Fibre photometry recordings of PVN CRH neuron spontaneous activity were carried out over 24-h under unstressed basal conditions. These recordings revealed an ultradian activity pattern that occurred approximately every 54-min. These ultradian activity bursts were characterised by ~20-min long elevations in CRH population activity interspersed with fast transient events. Surprisingly, these ultradian activity bursts were highly correlated with the animal’s total activity in their home-cage, including locomotion and exploratory head movements. The frequency of ultradian activity bursts (~ every 54-min) was also remarkedly similar to the previously reported frequency of ultradian CORT secretion (~ 1 pulse/h), leading to the speculation that ultradian PVN CRH population activity may drive ultradian CORT secretion.
Interestingly, the observed diurnal changes in PVN CRH population activity were subtle, and the time course did not match circadian CORT secretion. Specifically, ultradian PVN CRH population activity was not elevated before the transition into the active phase of the animal; instead, CRH activity bursts lasted ~ 4-min longer during the night.
Exposure to an acute stress (20-min novel environment) did not significantly disrupt the ongoing ultradian rhythms of the PVN CRH neuron population. Finally, PVN CRH neuron population responses to acute stress (5-min white noise) did not differ between ZT0 and ZT12. This result may suggest that the CRH population response to a stressor follows a set ‘template’ regardless of the timing of such stressor across a 24-h day.

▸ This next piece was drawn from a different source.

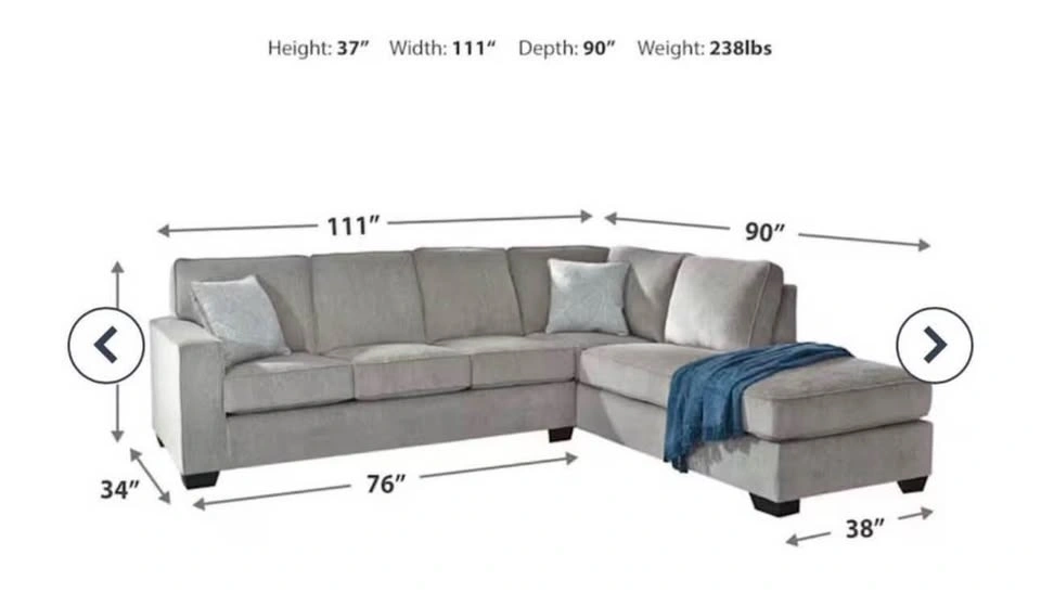 Includes 2 pieces: right-arm facing corner chaise and left-arm facing sofa.

Taken together, these data are the first to reveal ultradian and diurnal rhythms in PVN CRH neuron population activity across the 24-h day with a strong link to the animal’s home-cage activity. Furthermore, acute stress did not affect ongoing ultradian rhythms significantly within the PVN CRH population, and the neural responses to acute stress were not found to depend on the time of day. Overall this research expands our in vivo knowledge about basal and stress-evoked neuronal activity patterns within the PVN CRH population across the 24-h day.